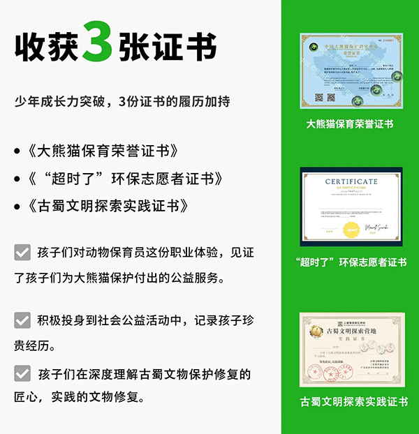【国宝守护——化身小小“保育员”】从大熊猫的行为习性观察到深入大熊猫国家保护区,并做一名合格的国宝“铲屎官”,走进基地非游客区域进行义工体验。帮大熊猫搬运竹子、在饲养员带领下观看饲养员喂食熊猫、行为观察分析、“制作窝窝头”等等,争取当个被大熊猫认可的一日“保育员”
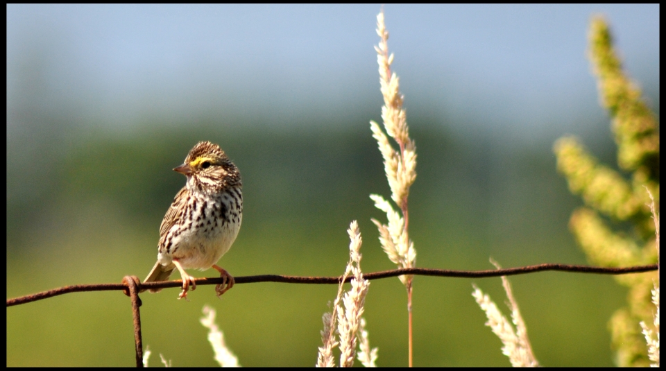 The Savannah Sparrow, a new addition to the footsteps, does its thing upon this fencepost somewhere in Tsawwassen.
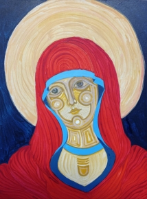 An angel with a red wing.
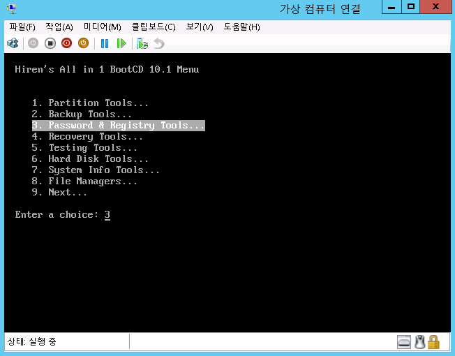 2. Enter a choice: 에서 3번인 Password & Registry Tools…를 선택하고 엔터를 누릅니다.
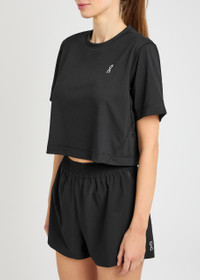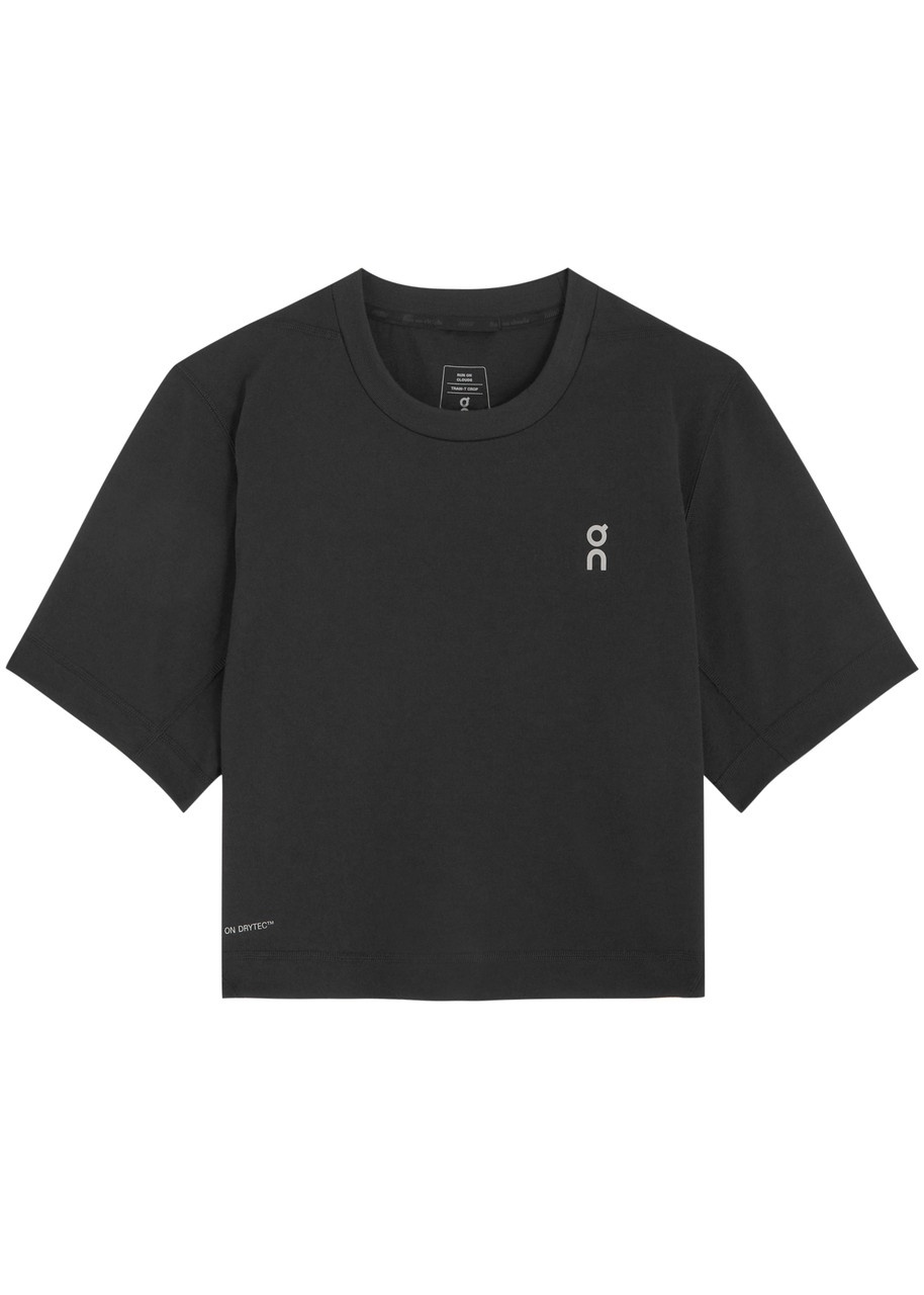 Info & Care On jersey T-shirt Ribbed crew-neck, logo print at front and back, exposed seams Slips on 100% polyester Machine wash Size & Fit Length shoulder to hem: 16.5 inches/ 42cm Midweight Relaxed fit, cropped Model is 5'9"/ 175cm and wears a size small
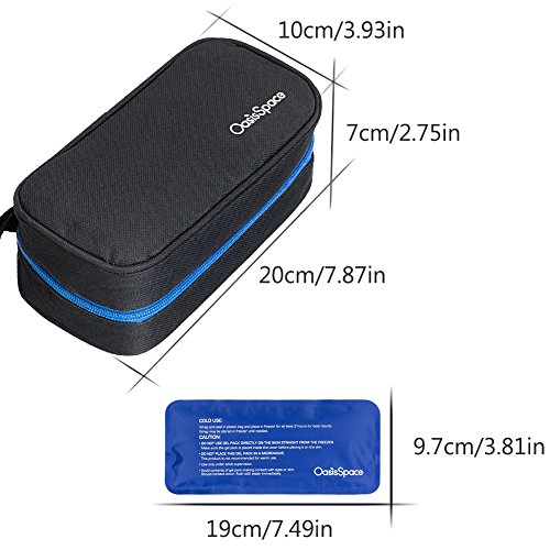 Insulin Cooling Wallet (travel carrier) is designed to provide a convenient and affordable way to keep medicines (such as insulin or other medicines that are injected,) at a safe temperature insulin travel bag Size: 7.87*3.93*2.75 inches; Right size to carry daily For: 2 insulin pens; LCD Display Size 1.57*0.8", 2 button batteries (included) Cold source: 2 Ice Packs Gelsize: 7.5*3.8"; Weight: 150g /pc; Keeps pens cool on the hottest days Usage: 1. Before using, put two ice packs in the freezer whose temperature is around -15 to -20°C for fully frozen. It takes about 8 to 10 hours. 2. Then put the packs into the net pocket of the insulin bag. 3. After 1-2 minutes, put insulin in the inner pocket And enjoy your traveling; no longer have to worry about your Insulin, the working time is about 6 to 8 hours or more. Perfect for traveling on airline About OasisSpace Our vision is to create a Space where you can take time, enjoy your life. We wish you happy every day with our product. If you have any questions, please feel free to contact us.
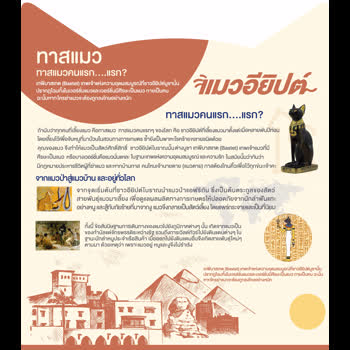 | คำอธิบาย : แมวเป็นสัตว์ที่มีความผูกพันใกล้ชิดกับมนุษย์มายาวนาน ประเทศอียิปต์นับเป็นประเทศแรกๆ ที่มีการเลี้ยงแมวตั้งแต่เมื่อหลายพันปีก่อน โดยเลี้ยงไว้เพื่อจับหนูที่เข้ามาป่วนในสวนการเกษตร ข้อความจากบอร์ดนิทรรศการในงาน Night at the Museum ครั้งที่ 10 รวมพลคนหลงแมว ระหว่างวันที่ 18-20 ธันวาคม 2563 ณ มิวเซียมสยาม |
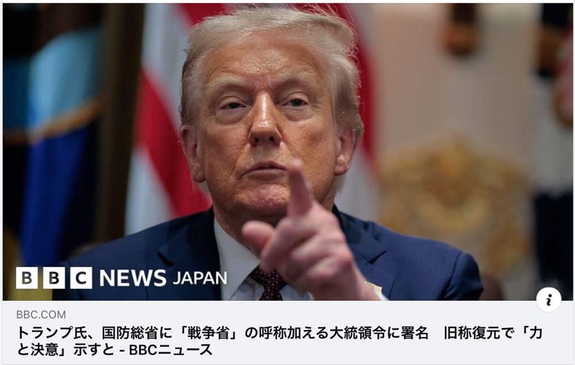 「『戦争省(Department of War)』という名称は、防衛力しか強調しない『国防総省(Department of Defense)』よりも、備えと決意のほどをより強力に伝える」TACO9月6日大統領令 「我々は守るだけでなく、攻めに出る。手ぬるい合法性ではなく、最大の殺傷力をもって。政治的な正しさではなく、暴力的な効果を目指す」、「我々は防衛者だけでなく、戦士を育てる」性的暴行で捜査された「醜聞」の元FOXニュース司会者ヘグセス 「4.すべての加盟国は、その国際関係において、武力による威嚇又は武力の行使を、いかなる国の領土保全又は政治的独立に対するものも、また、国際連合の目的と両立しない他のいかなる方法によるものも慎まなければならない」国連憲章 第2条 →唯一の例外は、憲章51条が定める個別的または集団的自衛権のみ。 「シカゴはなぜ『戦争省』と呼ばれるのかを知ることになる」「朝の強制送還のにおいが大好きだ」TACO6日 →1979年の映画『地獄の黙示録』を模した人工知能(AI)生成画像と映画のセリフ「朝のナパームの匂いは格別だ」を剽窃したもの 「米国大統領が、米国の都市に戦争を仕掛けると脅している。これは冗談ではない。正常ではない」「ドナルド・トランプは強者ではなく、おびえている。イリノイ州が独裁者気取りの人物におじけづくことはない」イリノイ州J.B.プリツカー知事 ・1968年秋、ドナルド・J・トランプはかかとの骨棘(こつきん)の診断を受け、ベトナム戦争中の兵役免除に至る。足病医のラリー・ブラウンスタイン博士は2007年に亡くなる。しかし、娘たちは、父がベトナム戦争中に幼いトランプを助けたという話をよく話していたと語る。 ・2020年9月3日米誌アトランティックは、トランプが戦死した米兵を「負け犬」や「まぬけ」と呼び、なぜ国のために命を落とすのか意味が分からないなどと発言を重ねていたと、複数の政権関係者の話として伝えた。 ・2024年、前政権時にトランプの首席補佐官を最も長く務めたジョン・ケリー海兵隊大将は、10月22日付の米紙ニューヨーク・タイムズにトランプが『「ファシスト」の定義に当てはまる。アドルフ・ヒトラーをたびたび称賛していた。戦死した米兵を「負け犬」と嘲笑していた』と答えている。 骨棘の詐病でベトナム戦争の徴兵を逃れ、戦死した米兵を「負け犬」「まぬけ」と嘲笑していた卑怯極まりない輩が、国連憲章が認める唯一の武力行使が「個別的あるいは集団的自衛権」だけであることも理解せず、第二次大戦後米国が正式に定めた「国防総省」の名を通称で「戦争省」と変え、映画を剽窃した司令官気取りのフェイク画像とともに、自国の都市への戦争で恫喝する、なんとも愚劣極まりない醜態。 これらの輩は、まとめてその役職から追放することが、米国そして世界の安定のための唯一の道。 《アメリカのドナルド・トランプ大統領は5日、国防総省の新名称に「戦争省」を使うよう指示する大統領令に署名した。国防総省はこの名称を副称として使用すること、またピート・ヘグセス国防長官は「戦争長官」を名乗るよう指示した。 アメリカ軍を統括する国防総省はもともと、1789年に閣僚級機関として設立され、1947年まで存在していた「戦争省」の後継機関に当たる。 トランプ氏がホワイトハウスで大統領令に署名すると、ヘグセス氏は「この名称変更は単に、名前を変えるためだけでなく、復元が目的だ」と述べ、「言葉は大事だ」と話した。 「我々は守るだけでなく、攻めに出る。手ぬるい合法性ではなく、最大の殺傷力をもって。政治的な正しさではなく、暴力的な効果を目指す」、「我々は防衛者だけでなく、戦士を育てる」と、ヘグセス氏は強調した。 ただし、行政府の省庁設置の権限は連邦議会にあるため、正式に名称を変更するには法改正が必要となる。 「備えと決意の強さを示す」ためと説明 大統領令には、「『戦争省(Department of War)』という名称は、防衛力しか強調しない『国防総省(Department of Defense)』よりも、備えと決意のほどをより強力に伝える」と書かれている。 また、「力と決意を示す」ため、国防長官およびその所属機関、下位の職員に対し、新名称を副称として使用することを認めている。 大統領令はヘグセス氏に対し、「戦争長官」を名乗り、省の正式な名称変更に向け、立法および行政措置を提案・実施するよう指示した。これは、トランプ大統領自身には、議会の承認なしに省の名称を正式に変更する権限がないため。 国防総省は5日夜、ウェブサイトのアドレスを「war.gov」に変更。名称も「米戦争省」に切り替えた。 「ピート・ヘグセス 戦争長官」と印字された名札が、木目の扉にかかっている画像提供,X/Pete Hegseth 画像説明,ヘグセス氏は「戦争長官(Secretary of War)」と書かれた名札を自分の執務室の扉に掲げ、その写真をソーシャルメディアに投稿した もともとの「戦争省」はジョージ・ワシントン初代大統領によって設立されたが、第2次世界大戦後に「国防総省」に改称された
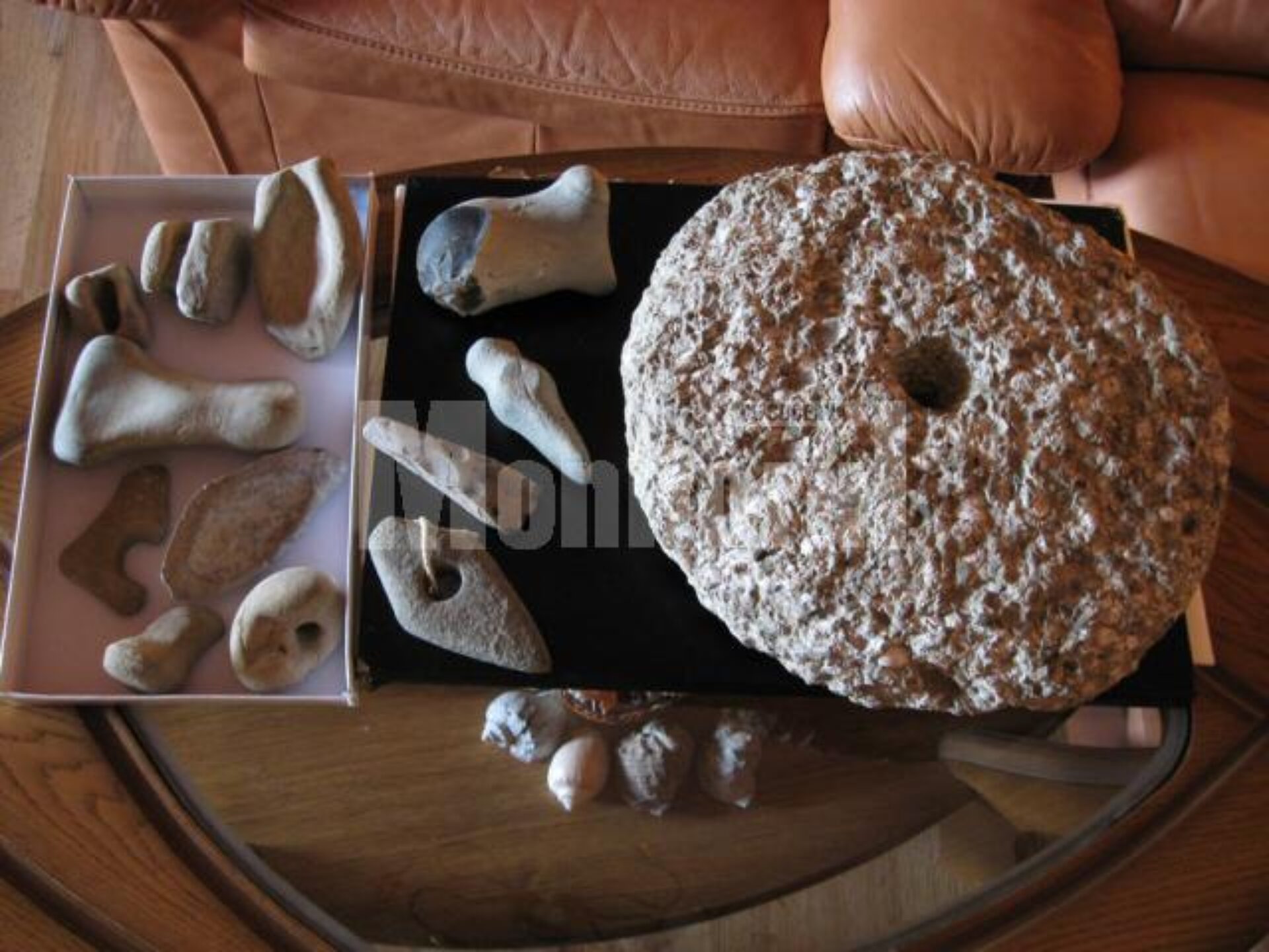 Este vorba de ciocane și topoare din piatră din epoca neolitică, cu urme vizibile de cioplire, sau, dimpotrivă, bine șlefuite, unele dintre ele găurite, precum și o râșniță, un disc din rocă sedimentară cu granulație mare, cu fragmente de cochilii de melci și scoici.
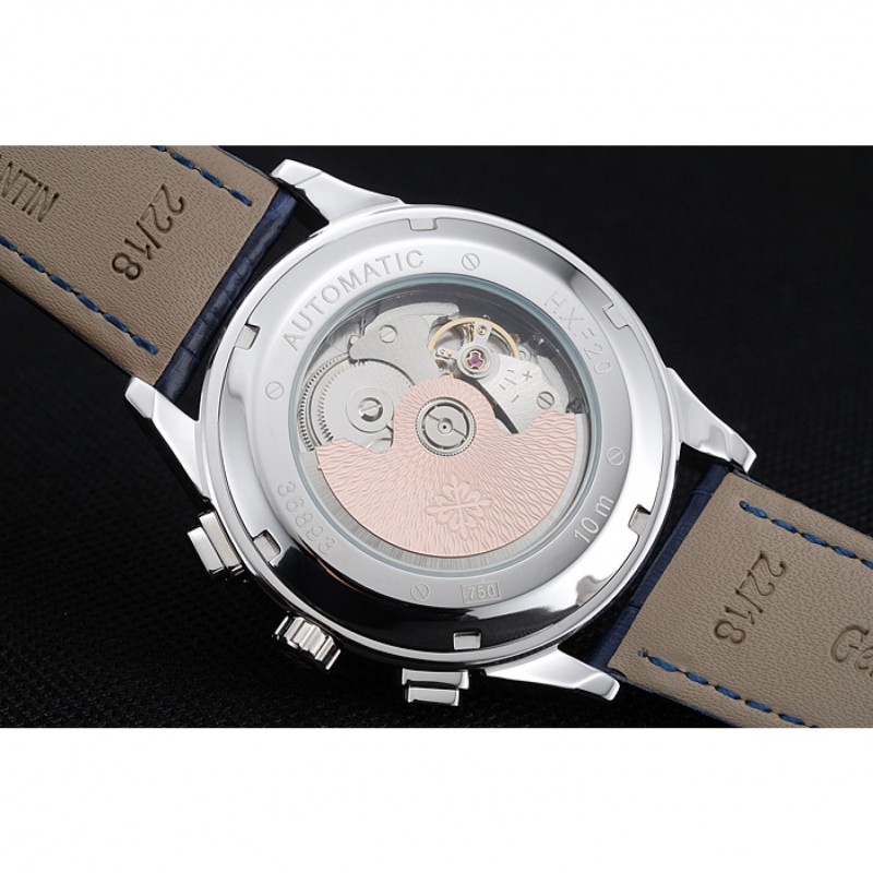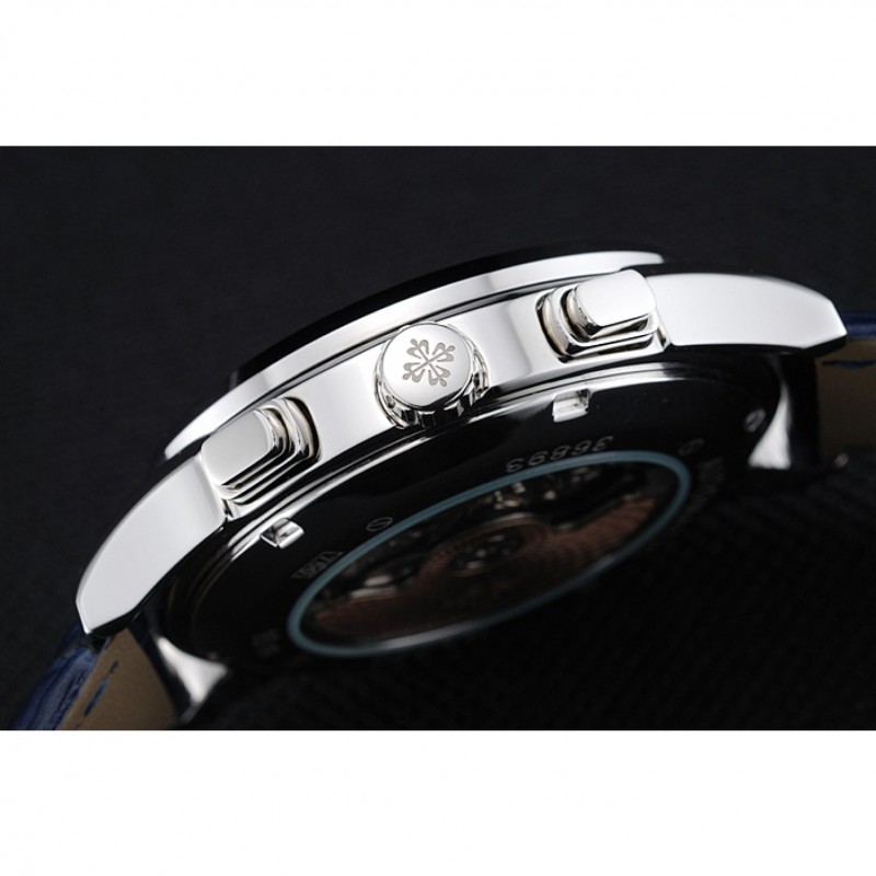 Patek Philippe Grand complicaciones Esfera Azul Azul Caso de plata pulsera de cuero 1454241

WHAT THE TASK ASKS:
Taking the records above, print only and exactly the lines from the line with "2. Enter a choice: 에서" to the line with "Info & Care", both kept, and exclude pictures.

ANSWER TO THE PROBLEM:
 2. Enter a choice: 에서 3번인 Password & Registry Tools…를 선택하고 엔터를 누릅니다.
 Info & Care On jersey T-shirt Ribbed crew-neck, logo print at front and back, exposed seams Slips on 100% polyester Machine wash Size & Fit Length shoulder to hem: 16.5 inches/ 42cm Midweight Relaxed fit, cropped Model is 5'9"/ 175cm and wears a size small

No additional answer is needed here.